Scientists who have begun applying methods to study interactions generally stick within their respective disciplines.  Those that recognize the interactions between human activities and the environment either focus on a single location or ignore interactions with outside systems that affect habitats.

As we’ve seen with Kirtland’s warblers, all of those interactions matter and they are all addressed by telecoupling. 

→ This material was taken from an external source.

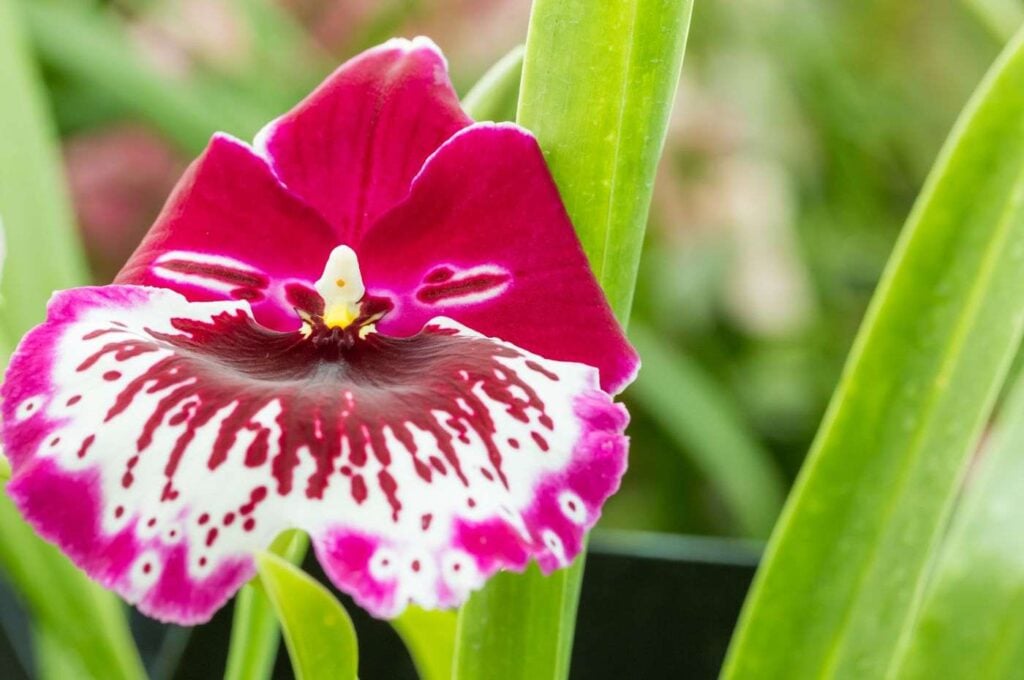 - Características: conhecida por suas flores delicadas e aroma agradável, a Miltonia é uma orquídea de crescimento simpodial.

As a scientist, I now have to figure out how to ask questions to learn from those interactions.  Wish me luck. 




Thanks from Joe

Thanks! I've located and downloaded a copy of the Ecotourism paper and will read it soon.

Answer from Jackie

Basically Kirtland's warblers are endangered, and cowbirds are not. Cowbirds historically did not overlap with Kirtland's warblers, since they tagged along with buffalo herds. Since the rise of agriculture, cowbirds extended their range into Kirtland's warbler territory. There were only a few Kirtland's warblers to begin with, so once scientists realized the effects of brood parasitism on KW, they started to treat cowbirds as an invasive species in areas overlapping with KW. It was a question of whether or not humans should become involved to prevent extinction of a species, but human-caused disturbance (e.g. agriculture) was the reason that cowbirds were introduced in the first place. There's actually some pretty interesting papers on the rise of "green" activities because people are beginning to accept the responsibility of trying to save species for which humans are the main cause of decline (check out Hvenegaard - "Ecotourism: a status report and conceptual framework").


I enjoy your blogs and have read each one as they are published. I particularly like the clarity with which you write. I do, however, have one question:

Regarding "cowbird removal"... What makes cowbirds (doing what has been genetically successful for their species) second class avian citizens relative to Kirtland's Warblers?

Just curious on what grounds we choose winners and losers in the bird world.